On the other hand, free to play market is utterly oversaturated. You have to go against everything from juggernaughts like SWTOR to smaller and more niche titles like Firefall.

Comment Re:In their defence. (Score 1) 417

And I'm telling you that such rules exist essentially always (I never heard about an org that didn't have them) it's just that often users are utterly ignorant of their existence until they break them and get punished for it.
Our network had very light rule set because we genuinely didn't care what you did with it as long as you didn't harm the network itself or actively look for unsecure machines until a certain moment when IP rights movement decided we needed to police that for some messed up reason. At which point we had to kick a few hundred people off the net for being power users on the local DC hub. Which was the dumbest decision ever, taken against best judgement of all network admins by higher ups, took out at least one of the network admins with it (he was a power user on the hub apparently) and resulted in massively increased evening load when everyone suddenly started to get their warez and porn from outside the network instead of inside.

The network that was never congested suddenly got super congested every evening. Thanks to dumbasses high up. Guess who users thought was to blame? Yeah, network administration. The people who made the rules got away with it clean.

I was a network admin for university campus while studying there for several years. I know what I'm talking about. Not sure if you do.

Comment Re:In their defence. (Score 1) 417

Because you're breaking the rules and it's admin's job to ensure that people don't break the rules, or the network itself. It appears that you have the problem with the rules and with basic logic - you think that admins make the rules.

They don't. They merely enforce them. If you don't like the rules "sticking it to the admin" is the worst choice by far. You will get slammed by the pissed off admin who has seen a dosen of people like you and really doesn't want to deal with the bothersome smartass, and then you'll get slammed by the people who actually made the rules for actively attempting to circumvent the rules.
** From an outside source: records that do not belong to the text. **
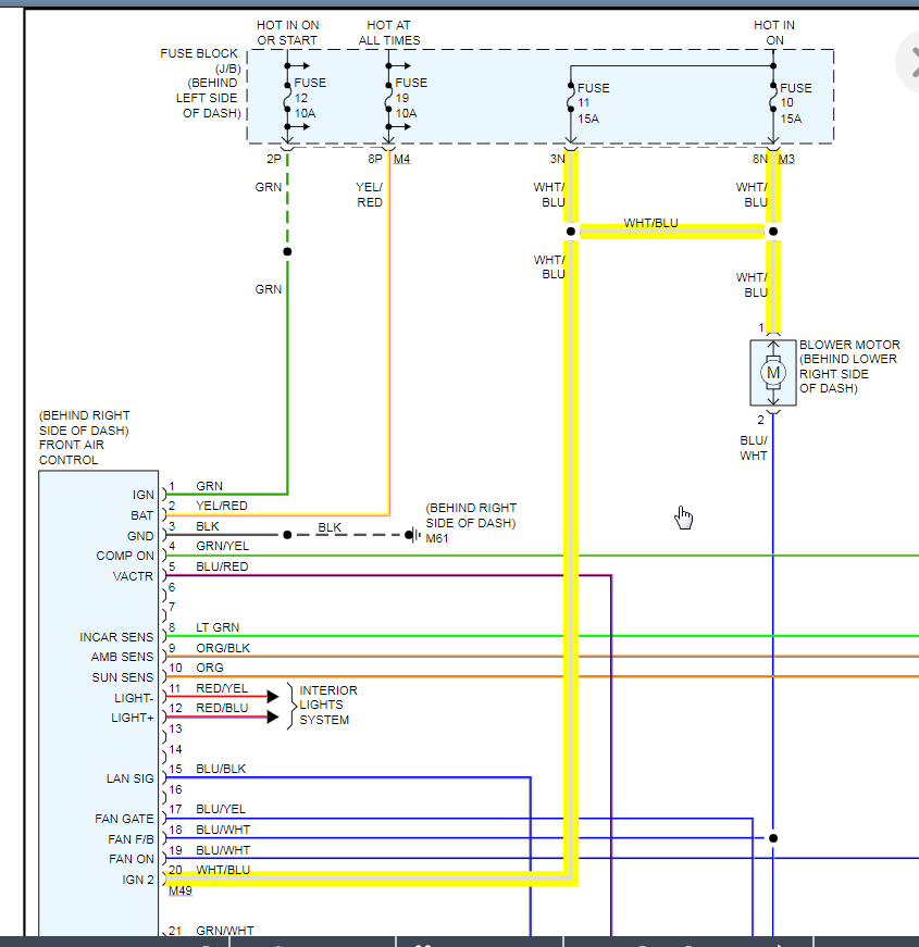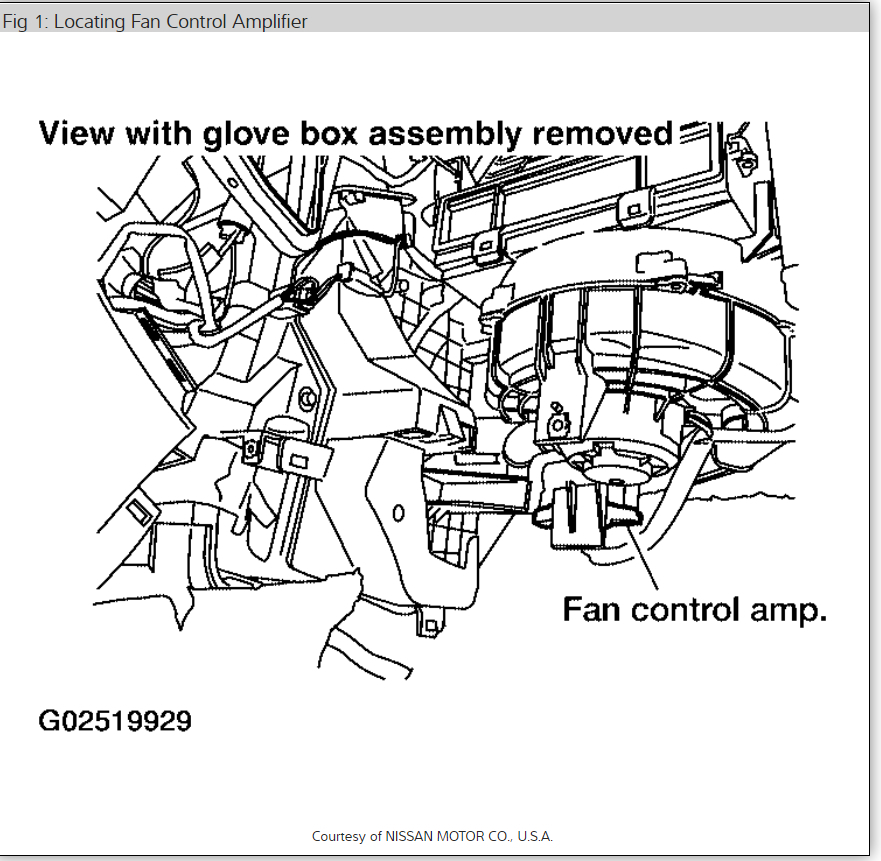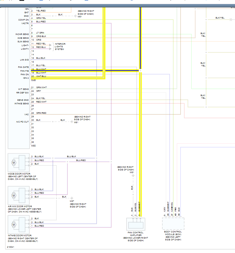 In your vehicle this is called the front air control module. We need to test voltage coming from the highlighted wire when changing speed of the fan and i am sure this will not change. If it does not, then we need to suspect the amplifier is the cause. Basically this changes the resistance of the ground to change the speed of the fan.
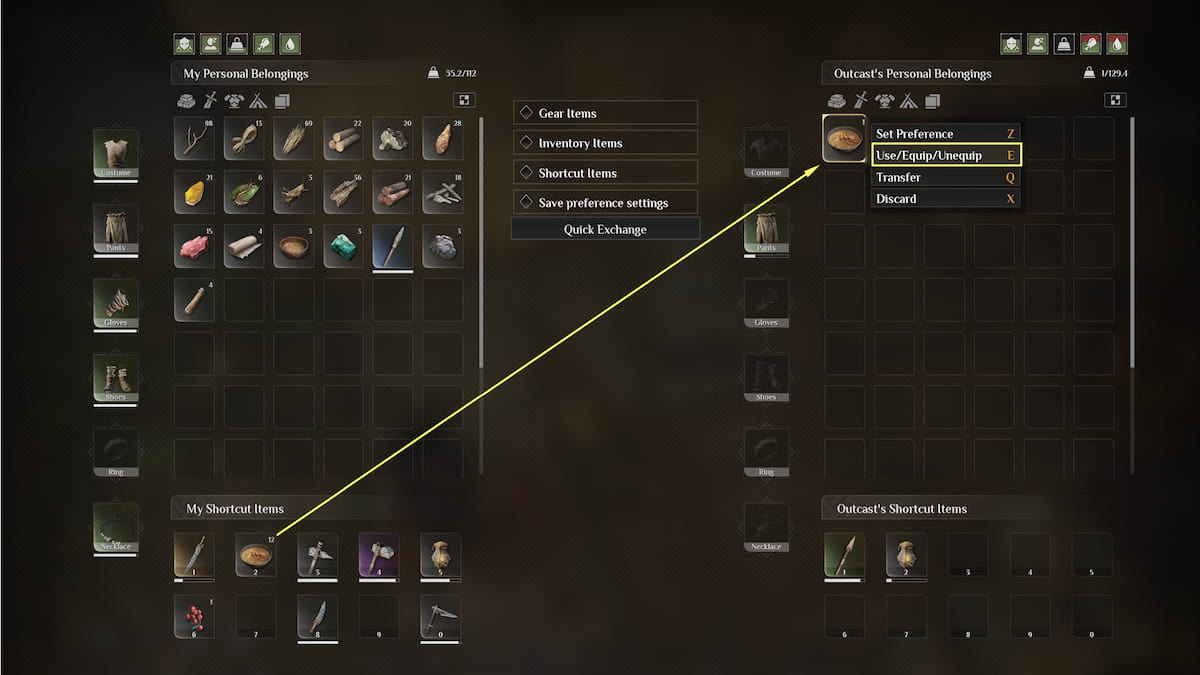Once a character is comatose and deterred, they will remain helpless for a short time. This is when you’ll want to approach them and try to gain their favor. Hold E on them to open their inventories. Then, drag over any liquid food items, like soup or broth (this is the only kind they can have when comatose). When it’s in a slot in their inventory, hover over it and press E on it to make them eat it.
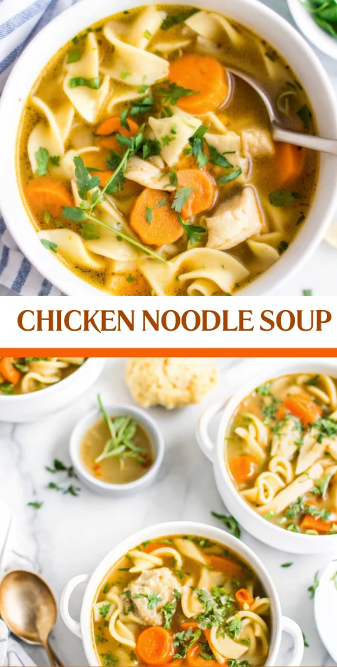 Keywords: chicken noodle soup, homemade soup, comfort food, classic recipe, easy chicken soup
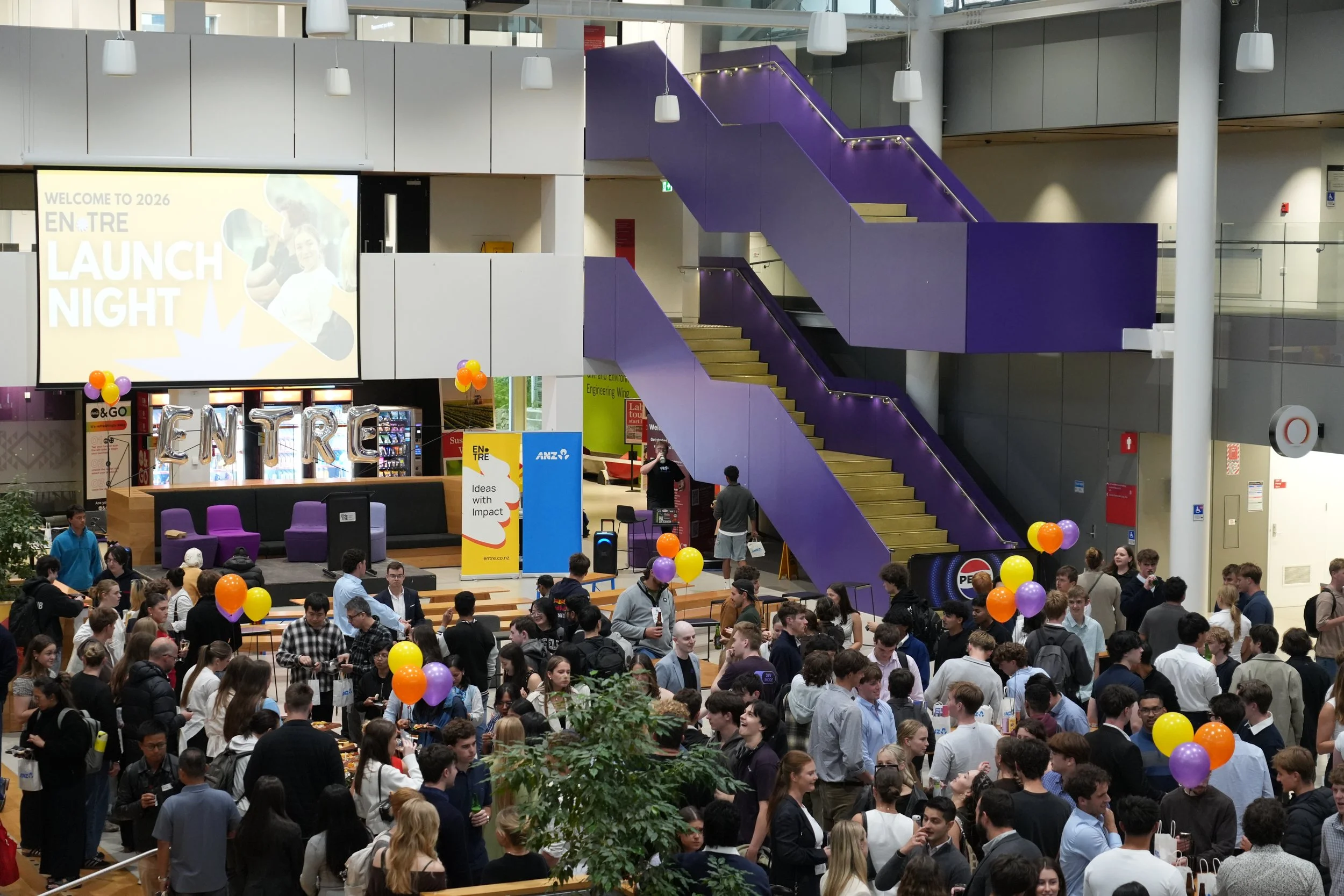 The Grand Launch of Entré took place on the campus of the University of Canterbury, attracting over 300 attendees. This event presented a fantastic opportunity to introduce the new executive team, announce both returning and new sponsors for the club, and provide an overview of the upcoming year.

The right approach would be to actually press the people on the top to change the rules and not become the enemy of the system.

Comment Re:In their defence. (Score 5, Insightful) 417

And uni network admin who sits in all the same chat rooms, had the hole plugged within hours of it becoming public. What you think admins are ephermal "great evil"? Most of them are young people who are in the circles.
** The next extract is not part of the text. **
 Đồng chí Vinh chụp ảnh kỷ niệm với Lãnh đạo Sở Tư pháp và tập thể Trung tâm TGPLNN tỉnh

Some dude flying solo? Sure, will get through. Trying to get everyone to do it so you get lost in the masses? Hole plugged in hours.
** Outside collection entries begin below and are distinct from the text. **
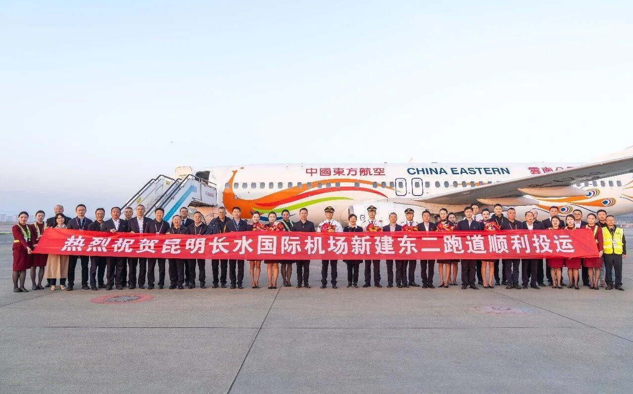 4月16日06时40分,随着东方航空MU9648(新加坡—昆明)航班平稳降落在东二跑道,云南航空产业投资集团有限责任公司(以下简称“航产投集团”)所属昆明长水国际机场(以下简称“昆明机场”)东二跑道及附属滑行道、东货运机坪正式投入运行,标志着昆明机场飞行区运行体系完成全面升级,枢纽保障能力和运行效率迈上新台阶。
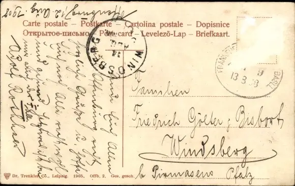 Zustand, siehe Scan, gelaufen, 1908 - ca 14 cm X 9 cm
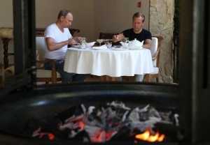 Президент России Владимир Путин и премьер-министр Дмитрий Медведев вместе позанимались в спортзале, а потом перекусили в это воскресное утро.
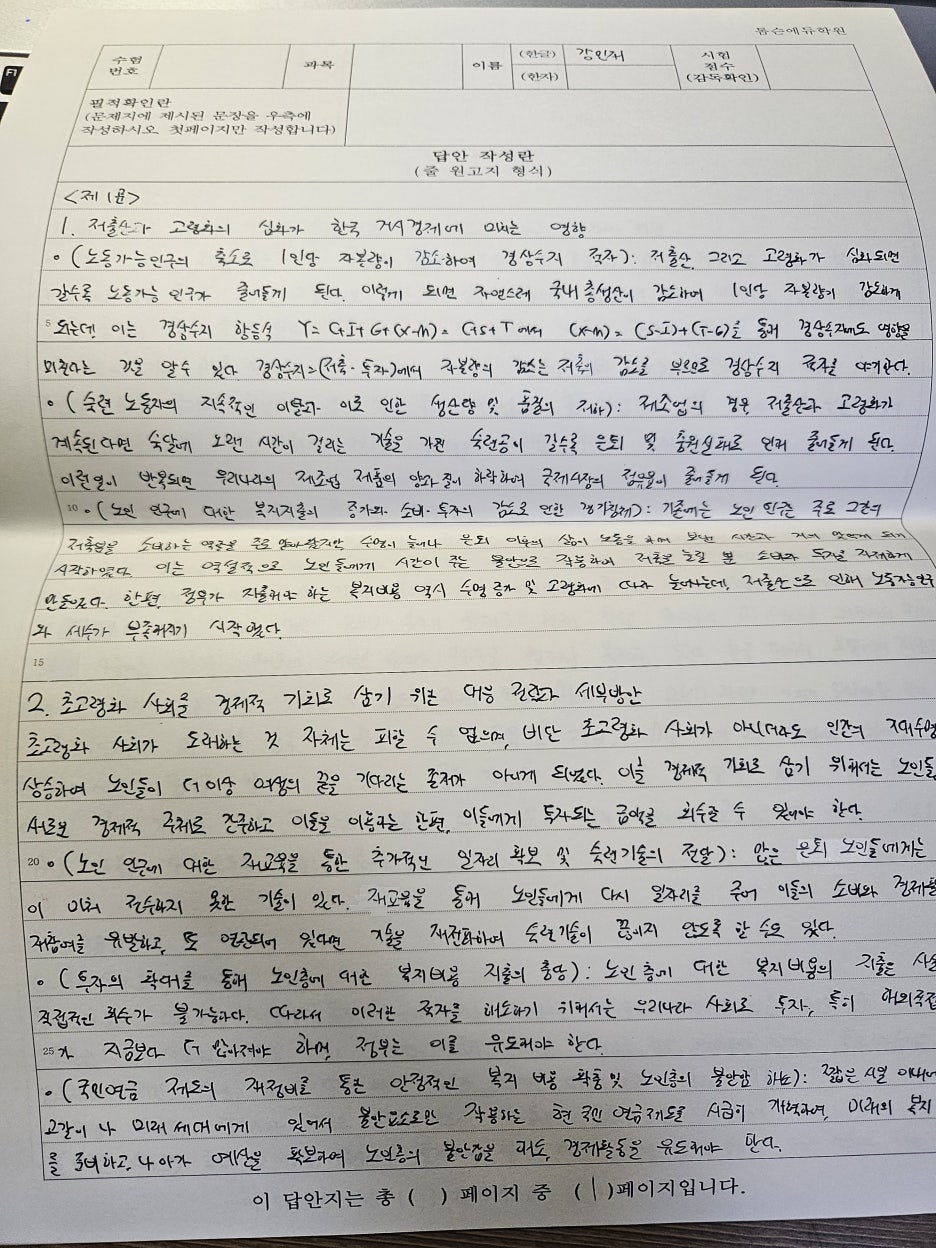 즉 15점짜리 문제는 15줄을 쓰셔야 한다는 것이고, 요약하시거나 그러면 안된다는 것입니다.

Comment Re:How did this go to trial? (Score 5, Informative) 236

From the TFA:
The judge has dismissed a proposed $10,000 fine against businessman Raphael Pirker, who used a remotely operated 56-inch foam glider to take aerial video for an advertisement for the University of Virginia Medical Center".

It doesn't take a rocket scientist to put two and two together. Videos shot from air need a platform to shoot them from.

Comment Re:IF THERE WERE SUCH A PAY DISPARITY... (Score 1) 427

Let's not go into hyperboles. Women that make "almost six figures" will usually work from home when on their maternity leave. They won't be risking not having their high paid job a couple of months after coming back because they didn't stay "in the loop".

The problem is far more prevalent in low-paid jobs like nursing, education and so on.

Comment Re:Just proves the anticensorship case. (Score 1) 205

Nothing new there actually. A lot of the most rabid anti gay campaigners come out of the closet as gay later in their lives.

It seems that wWhen people feel a strong desire for something and are forced to suppress it because they see it as necessary to live a life they think/are conditioned to think they want to live, they tend to lash out against those who live the kind of life they actually desire to live deep down.